Maulik Pancholy is an actor, author, and activist. He is best known for his television roles on 30 Rock, Weeds, Whitney, The Good Fight, and for lending his voice to the long-running animated series Phineas & Ferb and Sanjay & Craig. On stage, he starred on Broadway in Terrence McNally’s It's Only a Play, in The New Group’s production of Good for Otto, Bess Wohl’s Grand Horizons at the Helen Hayes Theatre, and most recently The George Street Playhouse virtual production of Becky Mode’s Fully Committed. Pancholy’s debut novel, The Best at It, was named a 2020 Stonewall Honor Book, a Junior Library Guild Selection, and received starred reviews from Kirkus Reviews, Publishers Weekly, and the American Library Association’s Booklist. Pancholy is the co-founder of the anti-bullying organization ActToChange.org.
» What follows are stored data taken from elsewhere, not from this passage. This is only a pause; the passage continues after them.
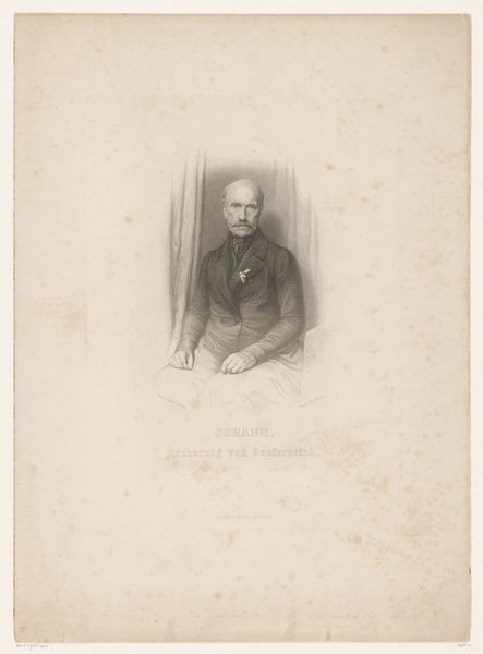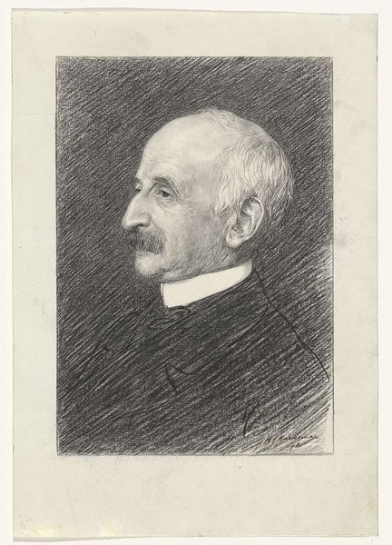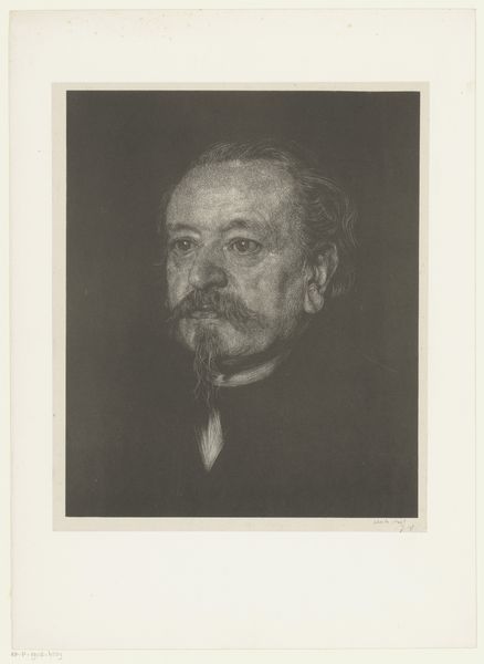 Editor: This is Auguste Danse's 1894 etching, "Portret van Victor Gillieaux, naar rechts," housed in the Rijksmuseum. The meticulous detail is impressive; what strikes me is the textural contrast between the soft, blurred background and the sharply defined facial features. What do you see in this piece? Curator: Formally, the etching operates through a strategic deployment of line and tone. Notice the artist’s calculated use of hatching and cross-hatching. How do these linear configurations articulate volume and depth on a two-dimensional surface? Editor: Well, the fine lines seem to create shadows, giving the face its three-dimensional form and emphasizing features like the eyes and mustache. The background uses a less dense, more chaotic arrangement of lines. Curator: Precisely. Consider, too, how the artist uses the tonal range afforded by the etching process. The subtle gradations from light to dark model not just the sitter's physiognomy but also evoke a specific atmospheric quality. Observe the balance achieved by varying line quality with subtle tonalities. Editor: So, you're focusing on how the artist used specific printmaking techniques to shape the viewer's perception and experience of the work? Curator: In essence. It prompts one to contemplate on artistic skills and formal arrangements of tone and technique that dictate this piece's overall meaning. I wonder if there's symbolic weight implicit within its balanced symmetry? Editor: This new formal awareness really shapes how one approaches similar artwork. Curator: Indeed. Art speaks for itself through composition and process!
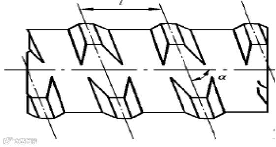 钢筋外形采用螺纹状无纵肋且钢筋两侧螺纹在同一螺旋线上。
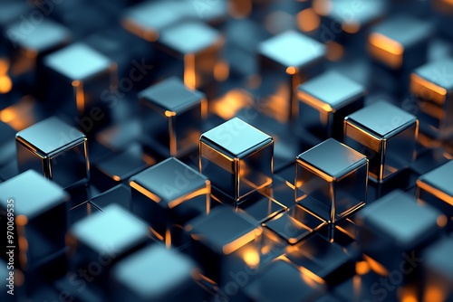 Obraz premium Abstract blue and orange 3D cubes pattern, digital art background
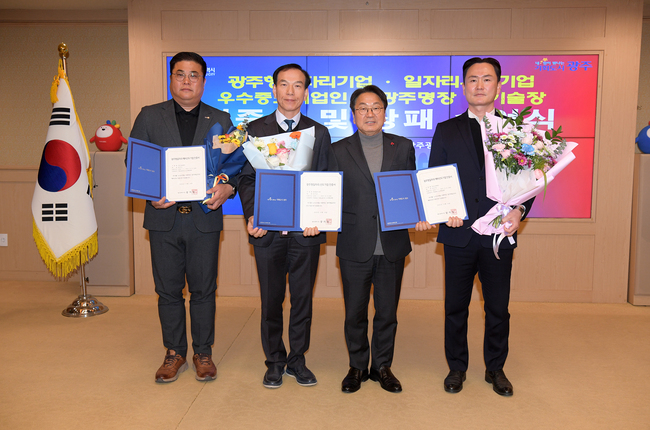 또, 광주시는 기술력이 우수하고 고용창출 등 지역 경제발전에 이바지한 중소기업인 5명(강철원 ㈜유투 대표, 김춘애 ㈜승강 대표, 마상동 ㈜다원물산 대표, 김순곤 ㈜천복금형 대표, 김범안 ㈜195에프앤비 대표)을 우수중소기업인으로 선정했다.
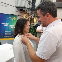 Juliana destacou que sua trajetória e a do marido já eram voltadas ao trabalho voluntário, com envolvimento na comunidade e na Capela do Loteamento São Luiz. "Meu marido já trabalha 24 anos na APAE, que também é mantida por trabalho voluntário, então a gente já abraçou essa causa," explicou. O convite para integrar o Rotary foi recebido com grande honra, pois reflete o espírito do casal de "poder ajudar os outros e fazer parte de um mundo melhor". Sobre o aprendizado inicial, ela comparou a experiência a uma "escola" que os instrui para que saibam sua função dentro do grupo.
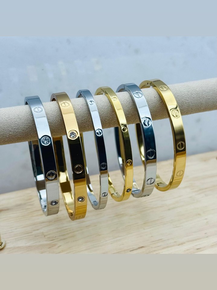 Günlük kullanıma uygun, altın ve gümüş tonlarında elastik, minimalist desen içermeyen çağdaş bileklikler.
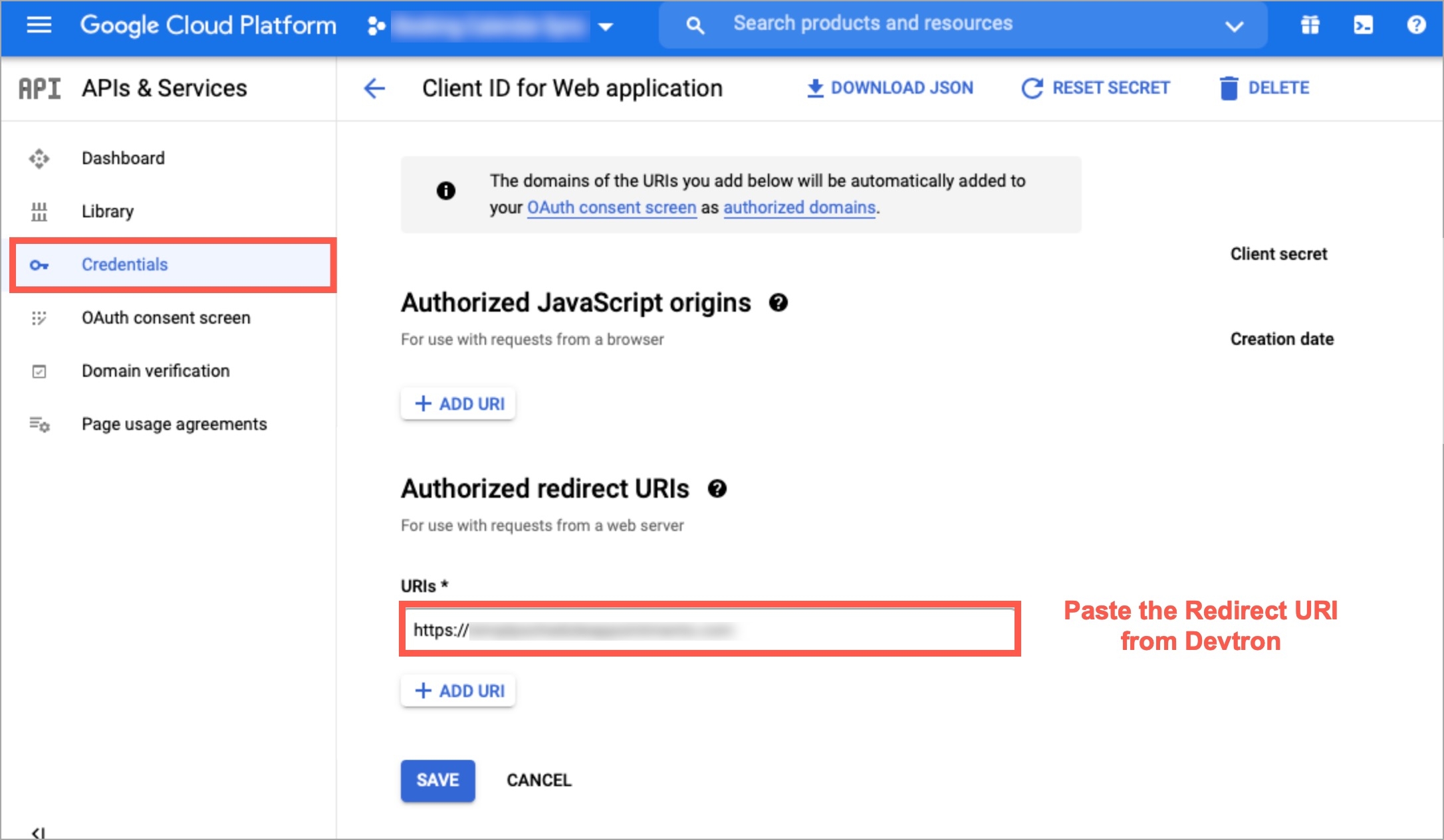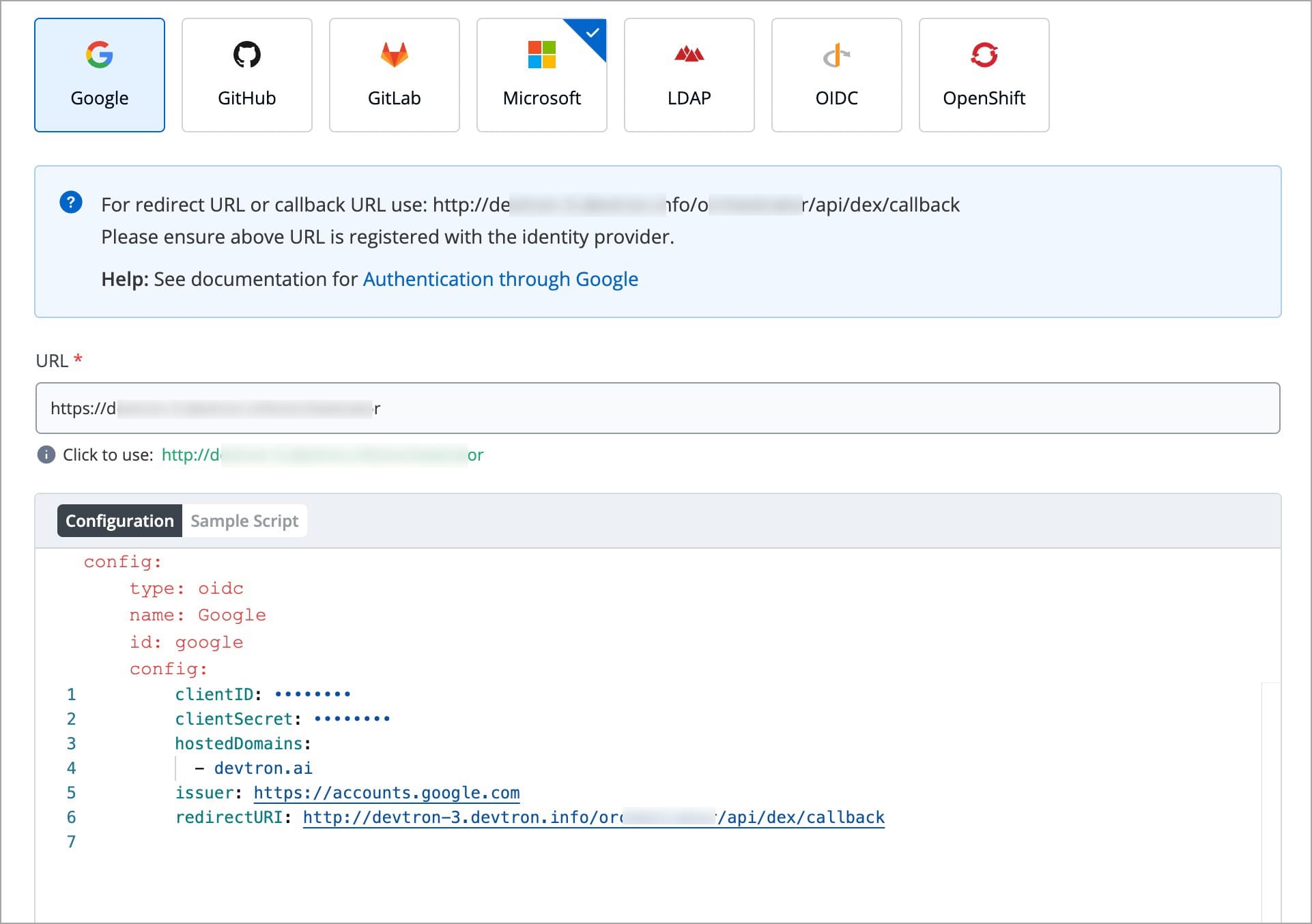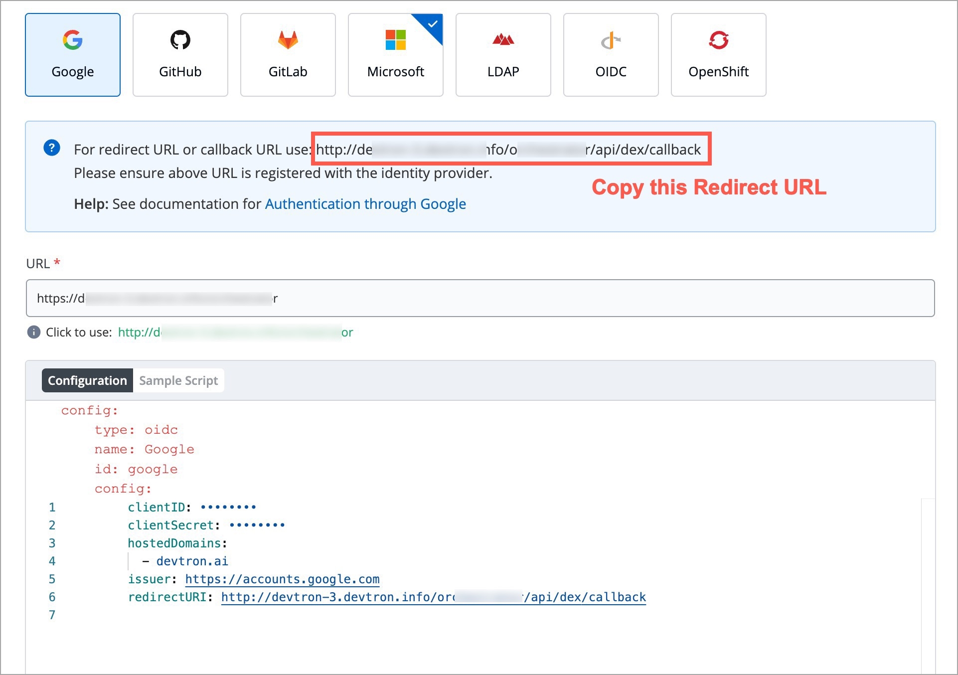 Copying Redirect URI from Devtron
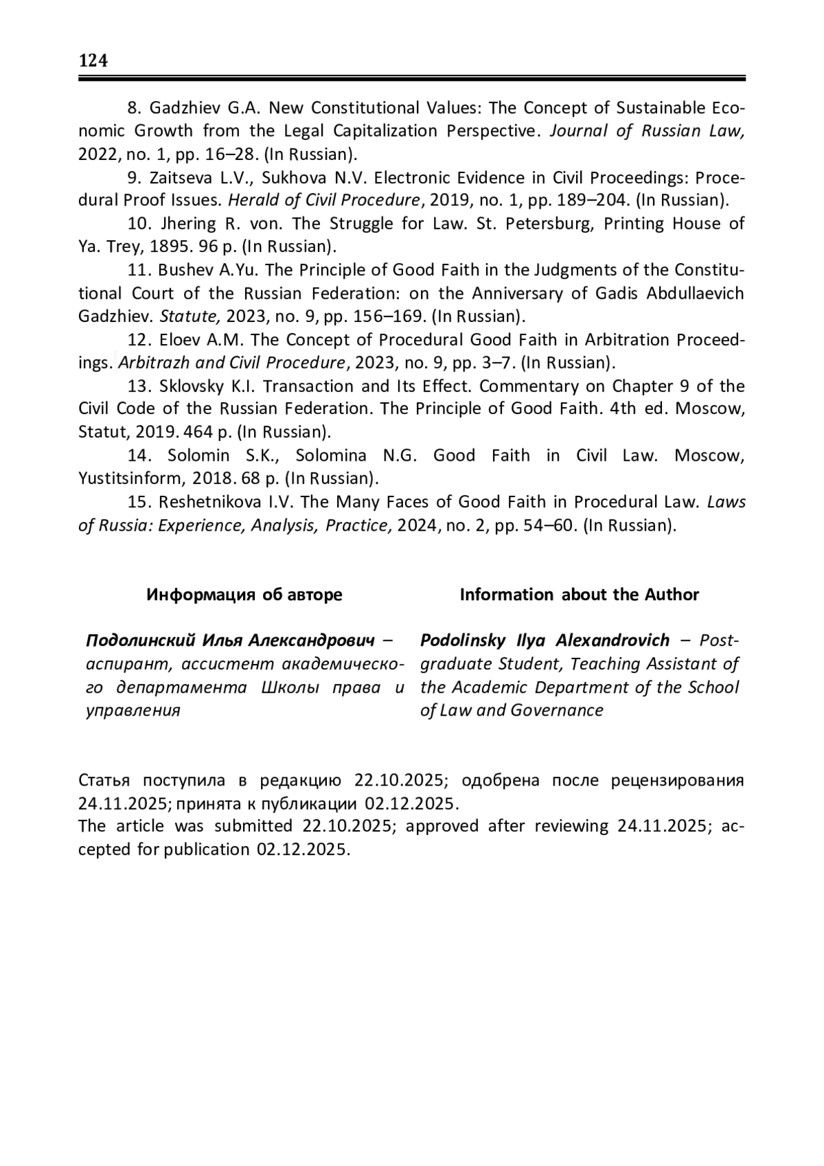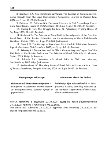 12. Елоев А.М. Понятие процессуальной добросовестности в арбитражном судопроизводстве / А.М. Елоев // Арбитражный и гражданский процесс. - 2023. - № 9. - С. 3-7. EDN: EVKKSV
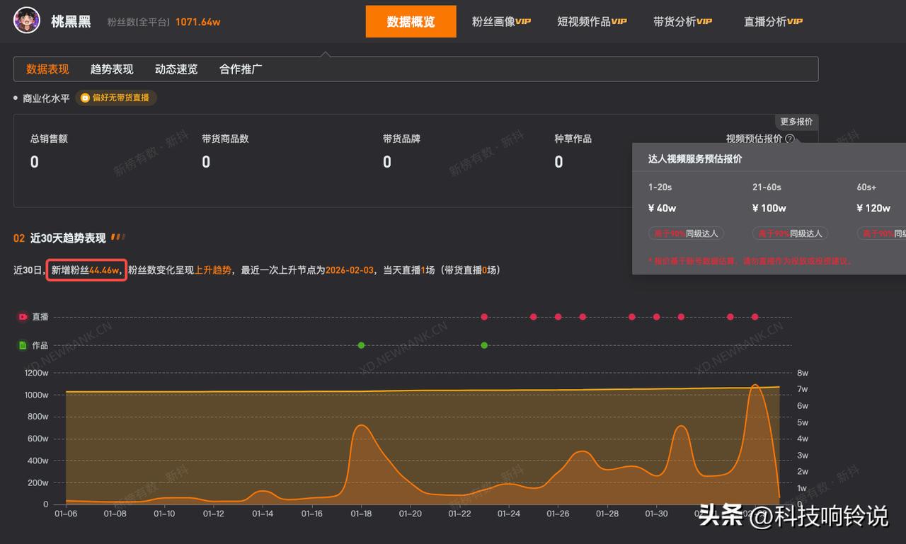 【桃黑黑近30日涨粉44万 桃黑黑1分钟视频报价120万】桃黑黑47分钟谈心局 近日,主播桃黑黑因健康问题临时取消直播引发争议后,于2月5日发布47分钟谈心视频,相关话题引发网友讨论。 第三方数据显示,“桃黑黑”视频平台账号近30日涨粉44.46万。商业化水平显示,其1-20s视频预估报价为40万,21-60s视频预估报价为100万,60s以上视频预估报价为120万。 天眼查知识产权信息显示,福建一公司已成功注册“桃黑黑”商标,国际分类包括服装鞋帽、家具、布料床单等。 天眼查信息:桃黑黑
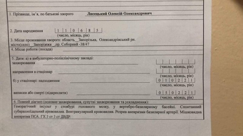 1 февраля в семье запорожского детского кардиолога и педиатра Елены Лисецкой произошла трагедия. У ее мужа – 35-летнего Алексея спонтанно разорвался сосуд в головном мозге, вследствие чего образовалось кровоизлияние под оболочки головного мозга.

Charles Yu is the author of the novels Third Class Superhero, How to Live Safely in a Science Fictional Universe, Sorry Please Thank You, and his latest, Interior Chinatown, which won the National Book Award for Fiction 2020, was shortlisted for the Le Prix Médicis étranger, and longlisted for the Andrew Carnegie Medal for Excellence in Fiction. He has received the National Book Foundation’s 5 Under 35 Award, been nominated for two Writers Guild of America awards for his work on the HBO series Westworld, and has also written for shows on FX, AMC, Facebook Watch, and Adult Swim. His fiction and non-fiction have appeared in a number of publications including The New Yorker, The New York Times Magazine, The Atlantic, Wired, Time and Ploughshares. Together with TaiwaneseAmerican.org, he has also sponsored the Betty L. and Jin C. Yu Creative Writing Prizes for Students.